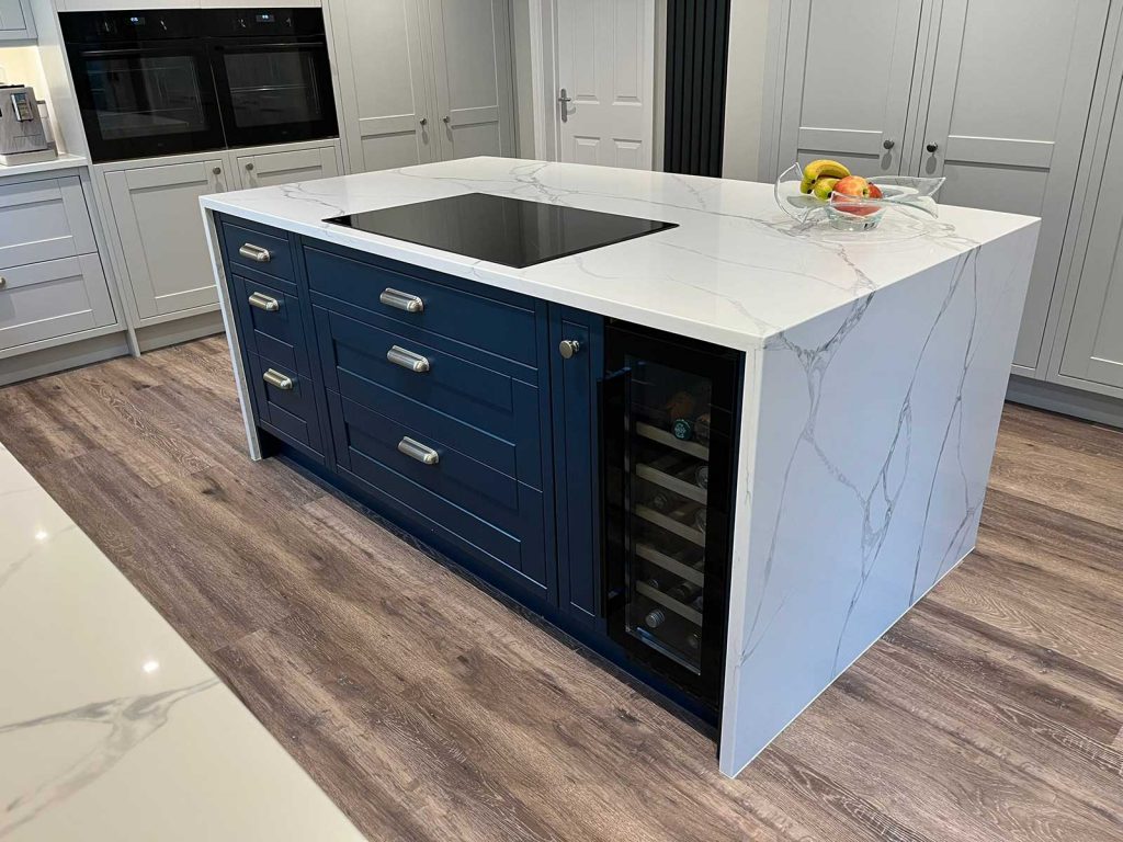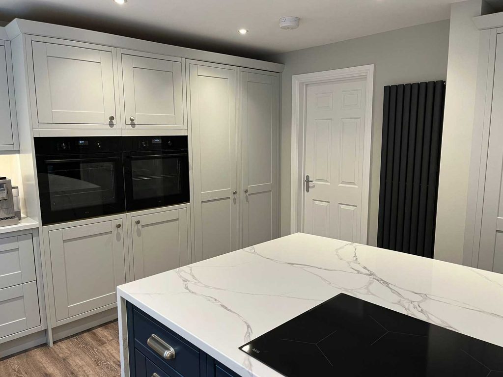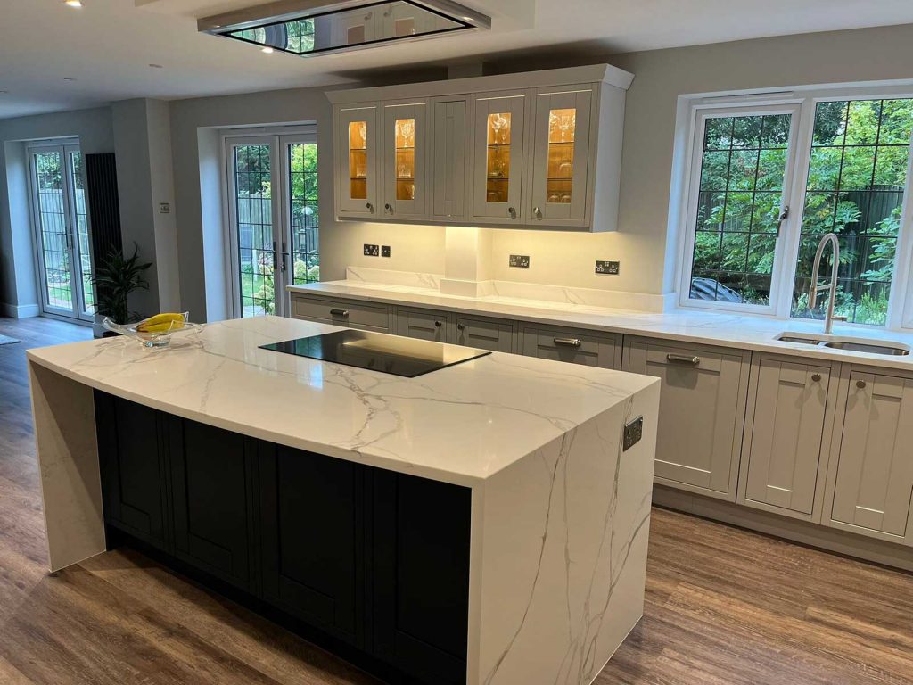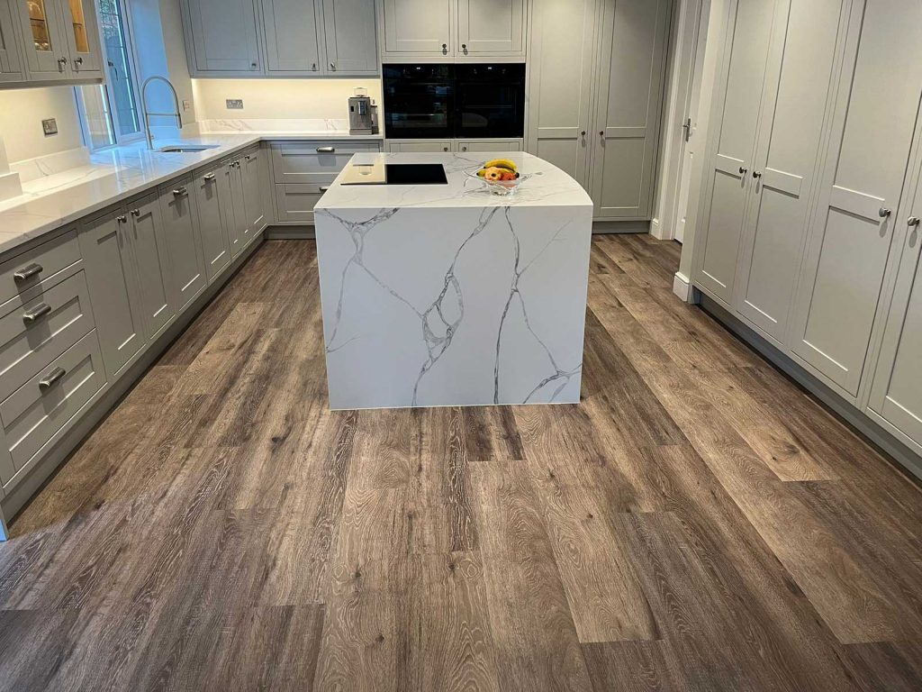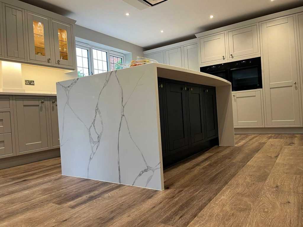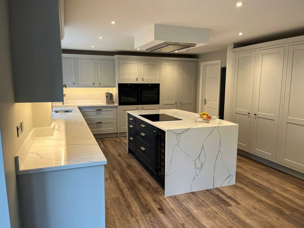 We delivered a contemporary kitchen that balances function and elegance. A striking marble-effect island forms the focal point, paired with clean cabinetry, integrated appliances and warm timber flooring. The reconfigured layout improves flow across the ground floor, while the new utility room adds convenience. The finished space combines modern detailing with a timeless feel, creating a welcoming hub for the home.
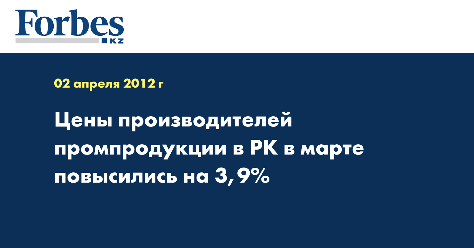 Цены предприятий-производителей промышленной продукции в Казахстане в марте текущего года по сравнению с предыдущим месяцем повысились на 3,9%, указывается в сообщении агентства РК по статистике, передает КазТАГ.
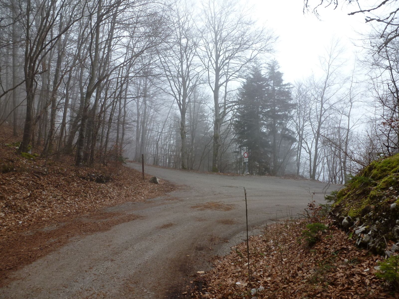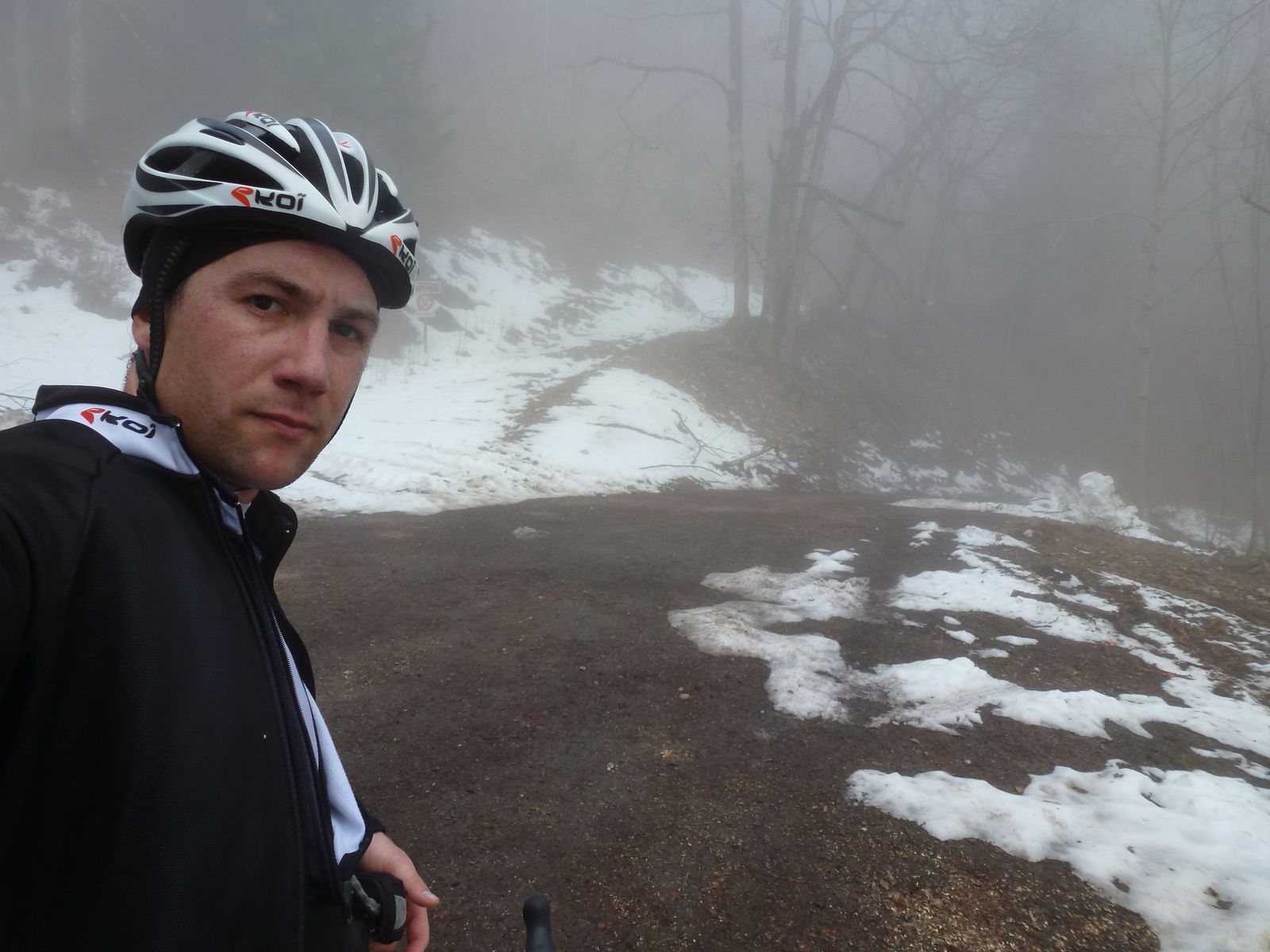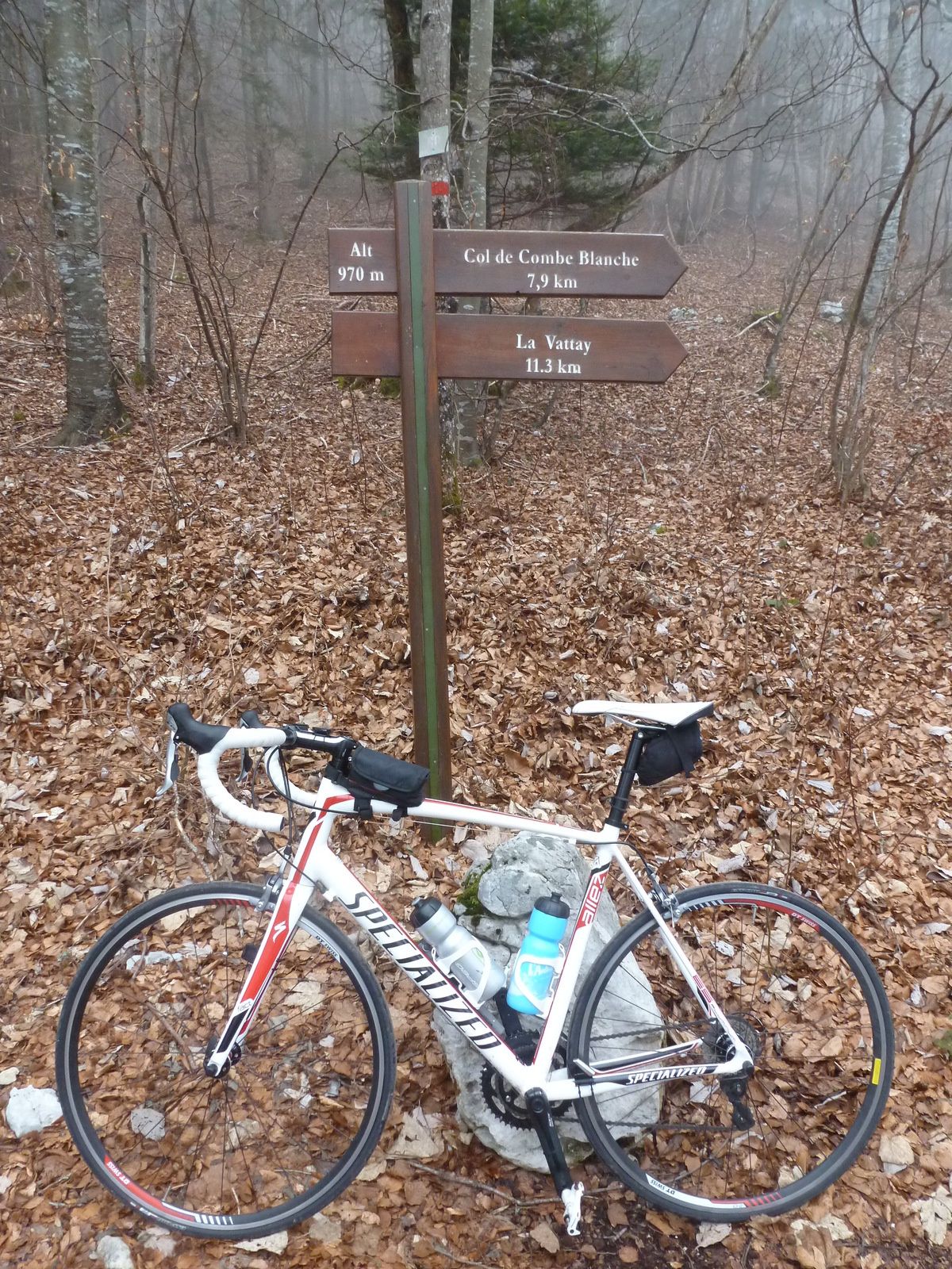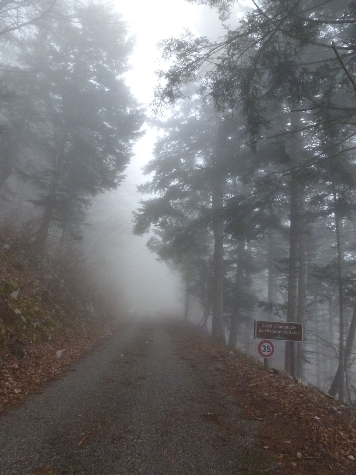 Malgré le brouillard, le froid, les mini-courbatures laissées par le chrono à la Faucille hier, et les restes de fondue savoyarde que j'ai sur le bide d'hier soir, l'envie de pédaler est là. Après un repas assez tôt, je file... sans trop d'idée en tête.
——————————
**Exercise directions**
Set down all the data again exactly as above, pictures excluded.

**Completed task**
 We delivered a contemporary kitchen that balances function and elegance. A striking marble-effect island forms the focal point, paired with clean cabinetry, integrated appliances and warm timber flooring. The reconfigured layout improves flow across the ground floor, while the new utility room adds convenience. The finished space combines modern detailing with a timeless feel, creating a welcoming hub for the home.
 Цены предприятий-производителей промышленной продукции в Казахстане в марте текущего года по сравнению с предыдущим месяцем повысились на 3,9%, указывается в сообщении агентства РК по статистике, передает КазТАГ.
 Malgré le brouillard, le froid, les mini-courbatures laissées par le chrono à la Faucille hier, et les restes de fondue savoyarde que j'ai sur le bide d'hier soir, l'envie de pédaler est là. Après un repas assez tôt, je file... sans trop d'idée en tête.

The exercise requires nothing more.